Als Schneider 2008 gefragt wurde, ob er nicht für den GKR kandidieren möchte, erkundigte sich der Familienvater und Geschäftsführer eines großen Dachdeckerbetriebs erst einmal nach dem Arbeitsaufwand. Er schmunzelt: „Das ist ja meist ein bisschen geschönt, wenn man sich so was beschreiben lässt. (lacht) Das habe ich für leistbar gehalten. Deswegen habe ich mich da gerne wählen lassen.“

Anfangs musste er die Hierarchien verstehen, also was entscheidet die Kreissynode, was der GKR und was macht die Landessynode? „Das muss man erst mal für sich klarkriegen. Das ist aus meiner Sicht am Anfang schon eine Herausforderung.“ Bereut hat Michael Schneider seine Entscheidung für den GKR bis heute nicht.
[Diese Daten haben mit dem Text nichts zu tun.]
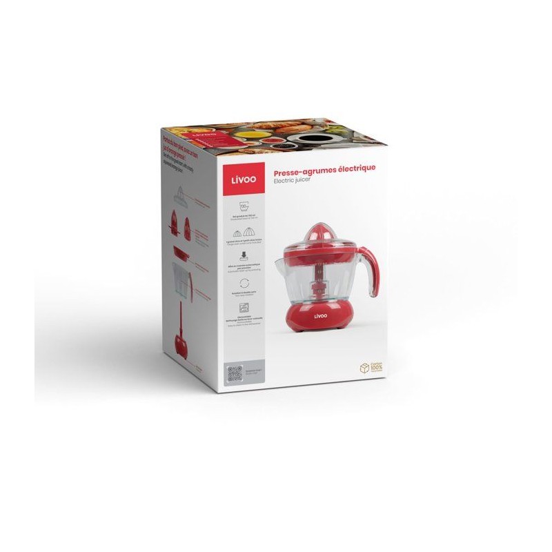 Presse-agrumes électrique - LIVOO - DOD131RC - 25 W - 1 grand cône et 1 petit cône - 700 ml - Rouge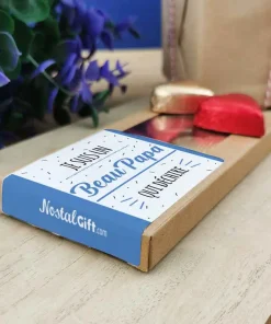 Packaging : Boîte cartonné avec fenêtre plastifié et autocollant avec l’inscription Je suis un Beau Papa qui déchire aux couleurs bleu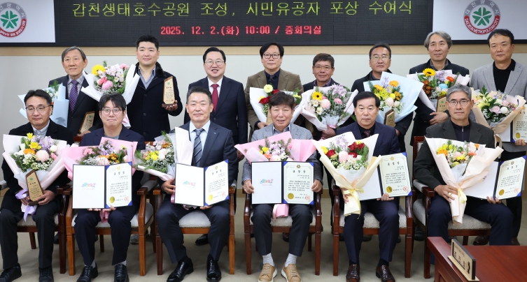 [뉴스앤톡] 대전시는 2일 시청 중회의실에서 갑천생태호수공원 조성에 이바지한 공사 관계 유공자에게 호수공원 추진 유공 표창장 및 감사패를 수여했다.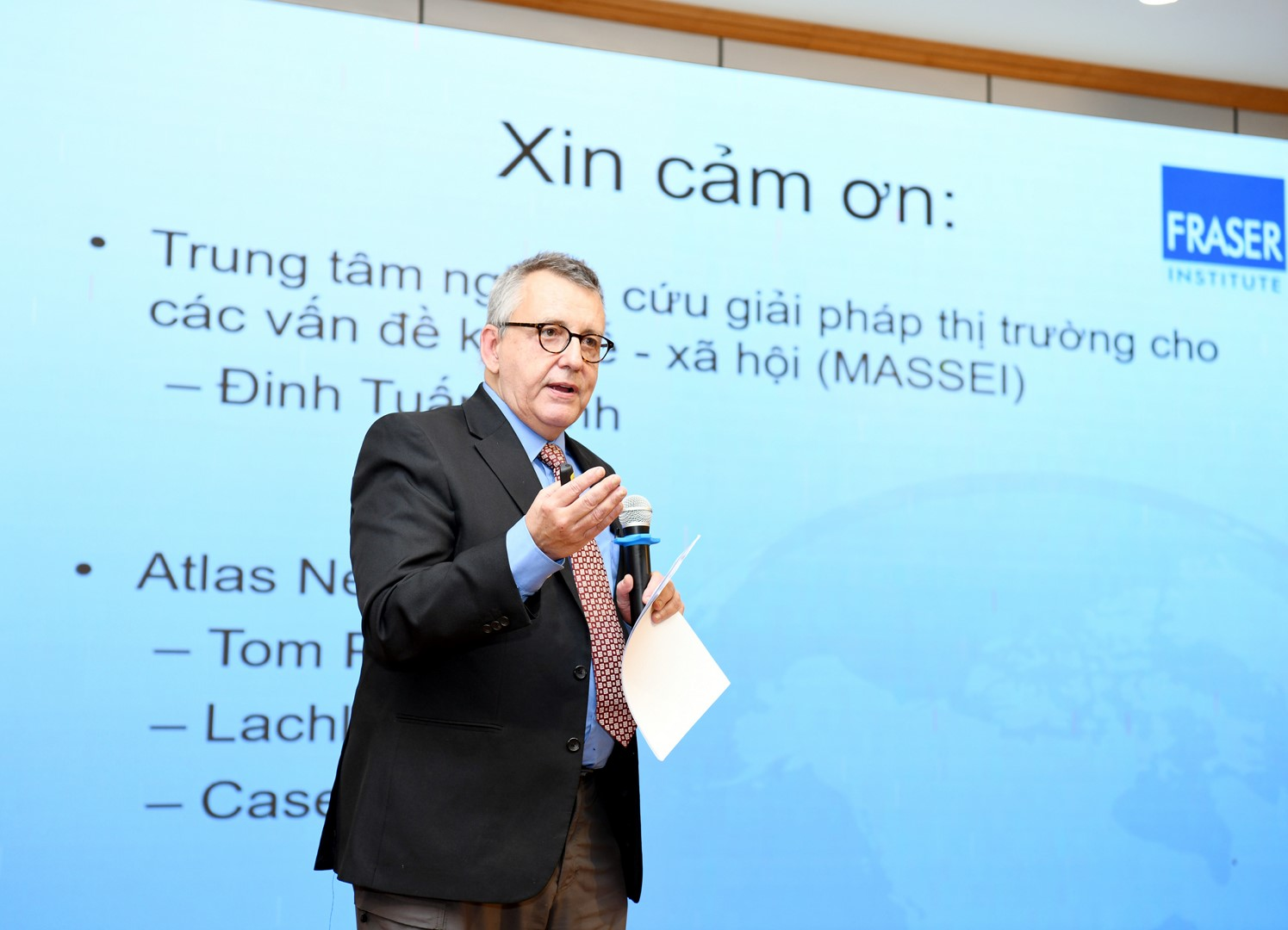Sáng 01/3/2023, Trường Đại học Kinh tế Quốc dân phối hợp cùng Fraser Institute (Canada) tổ chức buổi Toạ đàm Đối thoại chính sách: “Đổi mới thể chế kinh tế tại Việt Nam, hướng tới nước thu nhập có trung bình cao trước năm 2030” nhằm phát hiện những nút thắt về thể chế kinh tế thị trường và đề xuất chính sách nhằm giúp Việt Nam tiếp tục duy trì được đà tăng trưởng khi trở thành nước có thu nhập trung bình cao. Tọa đàm quy tụ các chuyên gia hàng đầu của Việt Nam và quốc tế thảo luận về thể chế, chính sách và các điểm nghẽn trong nền kinh tế Việt Nam.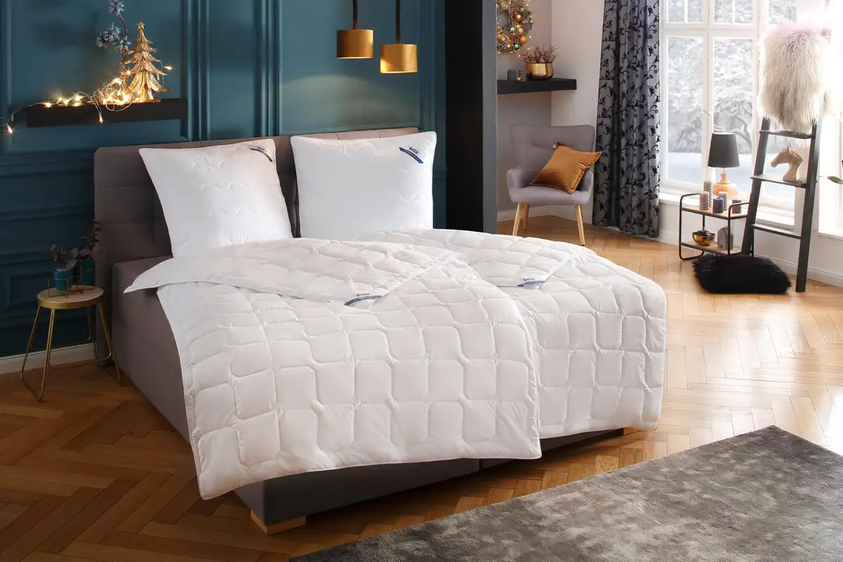Уютное пуховое одеяло «2 по цене 1» от BeCo имеет нормальный класс теплоты и может использоваться круглый год. Он имеет мягкий чехол из микрофибры, который особенно приятен для кожи и обладает воздухопроницаемыми свойствами. Тщательная стежка обеспечивает оптимальное распределение наполнителя. Края чехла также имеют высококачественную кромку и обеспечивают чистую отделку. В сочетании с пушистым наполнителем из климатического волокна это обеспечивает идеальный теплообмен. Одеяло из микрофибры отличается простотой в уходе, его можно стирать при температуре до 60 °C и сушить в стиральной машине. При заказе вы бесплатно получаете летнее одеяло соответствующего размера. Уютное одеяло «2 по цене 1» от BeCo обеспечивает приятную атмосферу для сна.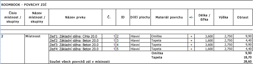Za předpokladu čisté výšky stěny 2,75 m, omítnutí cihlové stěny a tapetování na betonových stěnách bude výstup v aplikaci Excel vypadat následovně: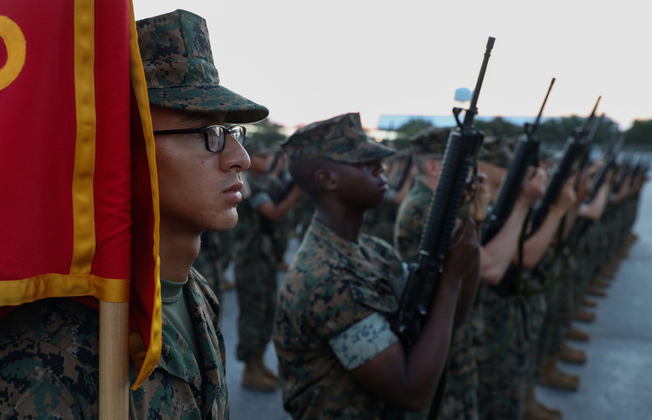 Recruits with Echo Company, 2nd Recruit Training Battalion, conduct Final Drill aboard Marine Corps Recruit Depot Parris Island, S.C., Sept. 13, 2023. Final Drill tests drill instructors on their ability to give drill commands and tests recruits on their ability to execute the movements properly. Lance Cpl. Bradley Williams/USMC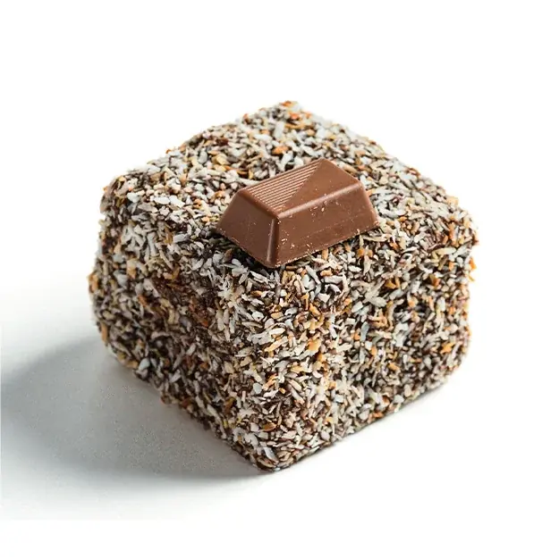 - ラミントン説明:大阪関西万博でも人気だったオーストラリア伝統菓子ラミントンを、森永商事のココアと森永製菓の「ダース」を使用したバレンタイン限定バージョンにアレンジ。ふわふわしっとりの生地にカカオのほろ苦さを加えた一品です。

Die Aufgaben sind vielfältig: Einen Haushalt aufstellen; regelmäßig die finanzielle Situation der Kirchengemeinde kontrollieren; anstehende Baumaßnahmen besprechen; Fördermittelanträge auf den Weg bringen…Das Jugendhaus Paula gleich neben dem Jakobsaal zum Beispiel wurde im vergangenen Jahr komplett saniert. Großes Thema für die nahe Zukunft ist die Herderkirche. Die braucht ein neues Dach: „Das sind ganz weite Wege, bis wir mal die finanziellen Möglichkeiten haben, das zu machen.“

Mittlerweile ist Michael Schneider seit 16 Jahren im GKR, seit 12 Jahren ist er Vorsitzender. Ein bis zwei Treffen in der Woche gehören dazu und nicht selten drei, vier Telefonate am Tag. Ganz schön viel für ein Ehrenamt: „Als ich den Vorsitz übernommen habe, habe ich schon erwartet, dass es deutlich mehr wird. Und das ist es auch geworden. Ich versuche, einmal in der Woche in der Gemeinde im Büro zu sein und auch bei allen reinzugucken und zu sagen, gibt’s noch irgendwas. Und es gibt meistens irgendwas. Das ist aber nicht schlimm. Es ist eher so, dass ich das als meine Aufgabe sehe.“

Was die Arbeit im GKR manchmal mühsam macht, sagt Michael Schneider, sind Ideen, die von der Landeskirche kommen; Beschlüsse, die die Landessynode gefasst hat und die dann von den Kirchengemeinden umgesetzt werden müssen. Ein aktuelles Beispiel treibt ihn gerade besonders um: „Diese Einheitskonten. Wir dürfen keine eigenen Bankkonten mehr haben als Kirchengemeinde. Das ist sicherlich für ein Dorf mit 60 Gemeindegliedern sinnvoll. Bei uns mit 7.500 Gemeindemitgliedern und jeder Menge Projekten, jeder Menge Baumaßnahmen ist das komplizierter. Das ist ein Synodenbeschluss und damit ein Kirchengesetz. Aber es ist uns wenige Hilfe dabei entgegengebracht worden. Und es sind Entscheidungen, die oft schrumpfende kleine Gemeinden im Blick haben. Da fühlt man sich nicht mehr so richtig gesehen an vielen Stellen.“ So ist z.B. nach wie vor ungeklärt, wie der Spendenautomat in der Herderkirche oder der PayPal-Account der Gemeinde an dieses zentrale Konto angeschlossen werden sollen. Der GKR weist seit einem Jahr darauf hin. Eine Lösung ist bislang nicht in Sicht.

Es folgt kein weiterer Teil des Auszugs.